Whilst his colleagues and forebears have been corrupted by money he is clearly aware of his own shortcoming.

'They had been corrupted by money, and he had been corrupted by sentiment. Sentiment was the more dangerous, because you couldn't name its price. A man open to bribes was to be relied upon below a certain figure, but sentiment might uncoil in the heart at a name, a photograph, even a smell remembered.

Trapped in a loveless marriage, passed over for promotion, Scobie cuts a fairly sad figure. Pity will encroach on his ability to do his job, his relationship with his wife and keeps him always focused on the needs of others first.

Pity smouldered like decay in his heart. He would never rid himself of it. He knew from experience how passion died away and how love went, but pity always stayed. Nothing ever diminished pity. The conditions of life nurtured it. There was only a single person in the world who was unpitiable, oneself.

As you might expect from any novel by Greene there is plenty of wrestling with faith. The state of Scobie's own is neatly symbolised by the broken rosary he keeps in his desk. His difficult relationship with religion isn't hard to understand once you learn that he and his wife lost their daughter when she was just a young girl, Scobie spared the ordeal itself by distance(noted in his diary with the simple 'C. died') but cruelly taunted by two telegrams arriving in the wrong order: the first telling of her death, the second almost miraculously talking of the doctor's hope that she might survive. His memories of that painful loss resurface after a group of shipwreck survivors are found after enduring over a month on the open sea. Having escaped the immediacy of his own daughter's death he is forced to witness the last moments of a young girl from that group, challenging his own ability to keep faith.

It would need all Father Brule's ingenuity to explain that. Not that the child would die...but that the child should have been allowed to survive the forty days and nights in the open boat - that was the mystery, to reconcile that with the love of God.
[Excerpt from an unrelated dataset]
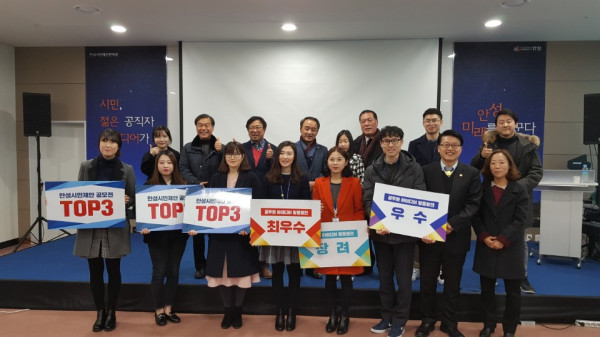 최근 경기 안성시는 안상맞춤아트홀 대회의실에서 시민들과 공무원들이 아이디어를 발표·공유하는 ‘안성시민 제안 한마당’ 발표대회를 개최했다. 사진은 발표회 시상식 후 참가자들이 기념촬영을 하는 모습. (사진제공=안성시청)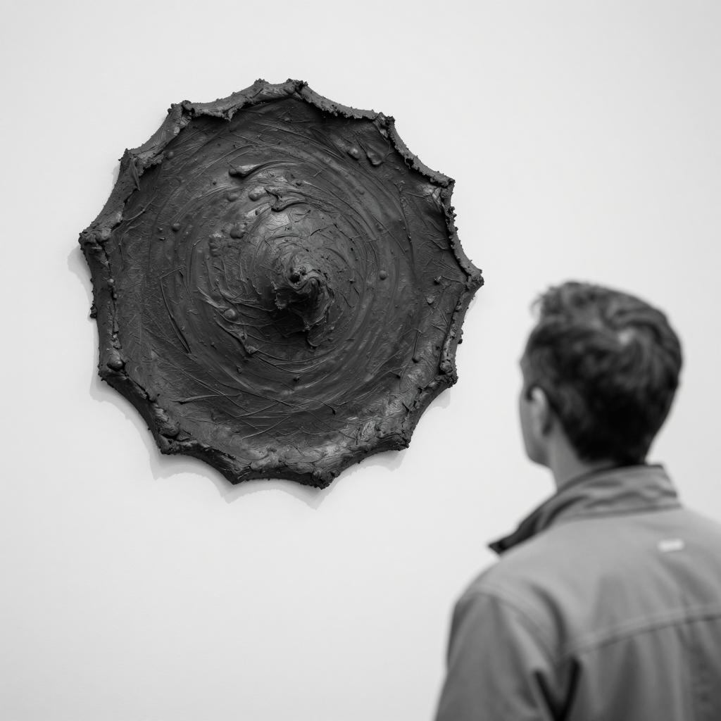 Black and white photograph. A man with short hair, seen from the back, observes a large, dark, ured, shapeless mass on a white wall. The mass is smeared and has a rough ure. The man wears a light-colored jacket.

But Greene makes clear how ingrained religious teaching can be. As Scobie embroils himself in adultery and corruption his real terror is of damnation, of receiving communion without having been absolved of his many sins. In his introduction James Wood mentions (along with almost all of the major plot points - making it less and introduction than a massive spoiler for fools like me who don't know the plot and read the introduction first) the massive inconsistencies in Scobie's character as first mentioned by George Orwell in The New Yorker. Wood's counter argument makes for very interesting reading, after the novel itself that is.
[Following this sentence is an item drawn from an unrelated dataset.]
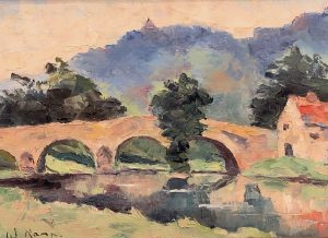 KAMP (Willy). — "Paysage de rivière" (1931). — Huile sur toile, datée et signée au coin infér. gauche, montée sous cadre doré en bois. — Dim. cadre : 35,5 x 44,5 cm ; sujet : 24 x 33 cm.

Greene may have written several novels playing with the same themes and ideas but the fact remains that he writes with an ease that makes each of them a pleasure to read, even for a faithless old atheist like me.



3 comments:

John Self 7 July 2009 at 11:25  

Ah yes, "the saint whose name nobody could remember". I think this may be my favourite Greene novel. So utterly bleak in the end that it's really quite bracing.

The other biggie that you need to read, of course, is The Power and the Glory. Oddly, I haven't read The Comedians, though a friend who has reckons it's where Morrissey got the name for his band (there are a couple of vegetarians in the novel called the Smiths, apparently).
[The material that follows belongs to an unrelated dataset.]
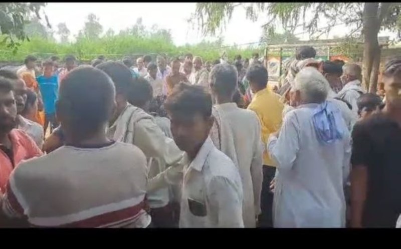 मेरठ के थाना लोहियानगर क्षेत्र के आशियाना कॉलोनी में युवक की हत्या के बाद मौके पर जमा मोहल्लेवासियों की भीड़।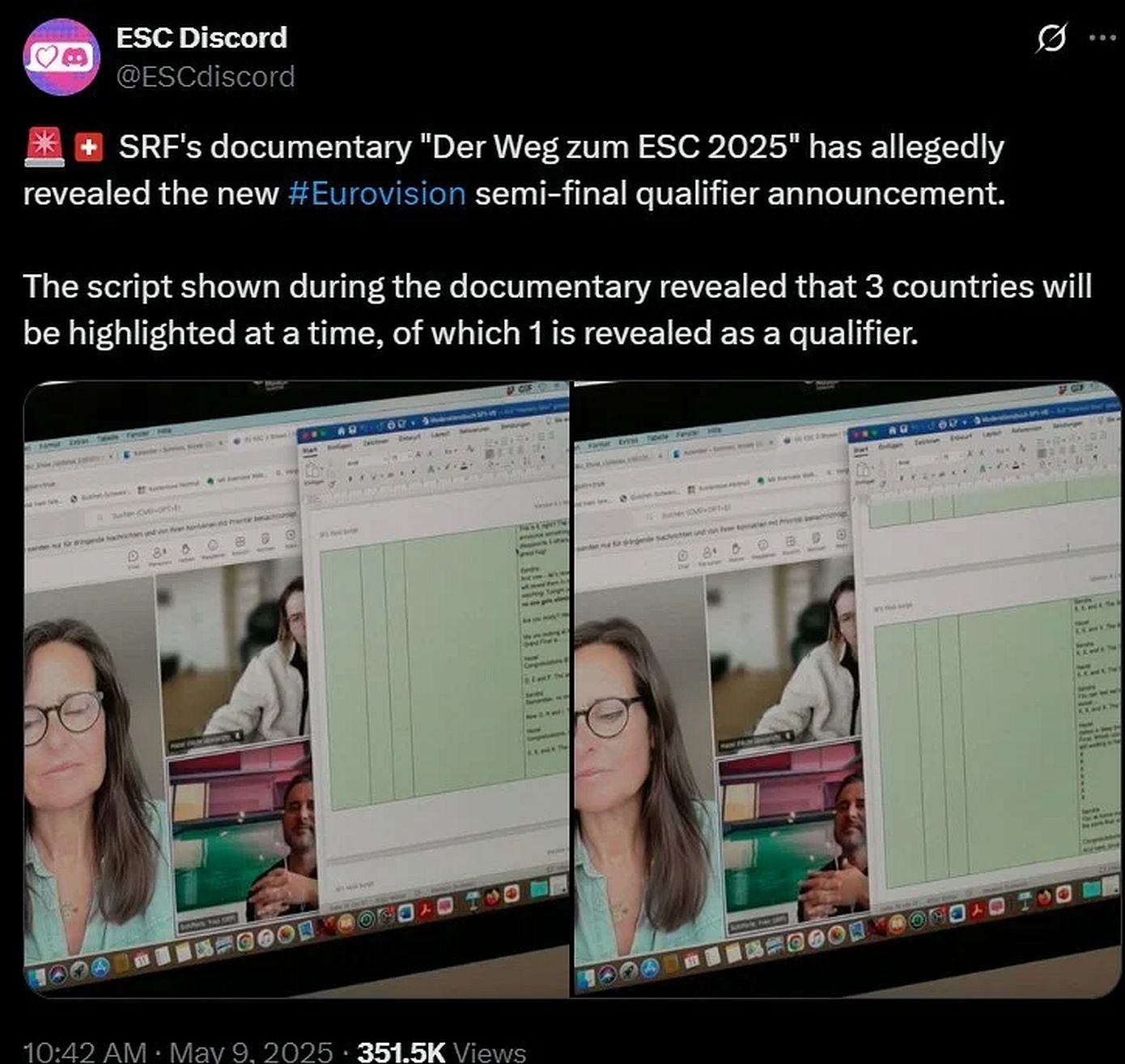 Η πληροφορία έρχεται μέσα από το ντοκιμαντέρ της SRF «Der Weg zum ESC 2025» («Ο δρόμος προς τη Eurovision 2025»), στο οποίο φέρεται να αποκαλύπτεται το νέο format ανακοίνωσης των προκρίσεων στους ημιτελικούς. Όπως ανέφερε το ESC Discord, στο σενάριο που εμφανίζεται στο ντοκιμαντέρ γίνεται λόγος για παρουσίαση των χωρών σε ομάδες των τριών, από τις οποίες προκρίνεται μόνο μία, εντείνοντας το σασπένς.

Of his less renowned work, I'm a big fan of The Honorary Consul - it's closer in tone to being an 'entertainment' than his most famous books, but brilliant and compelling. I even enjoyed his lighter stuff like Dr Fischer of Geneva or The Bomb Party, which is almost Dahl-esque, though I found Travels with My Aunt and The Human Factor entirely tiresome, even though the latter is reckoned by some to be his last great work.

You've put me in the mood to read some Greene now.

Trevor 7 July 2009 at 12:39  

Excellent timing, William! Kevin just brought Greene back to my attention on my blog's review of The Quiet American, and I have this and The Power and the Glory next in line. Your review makes me anxious!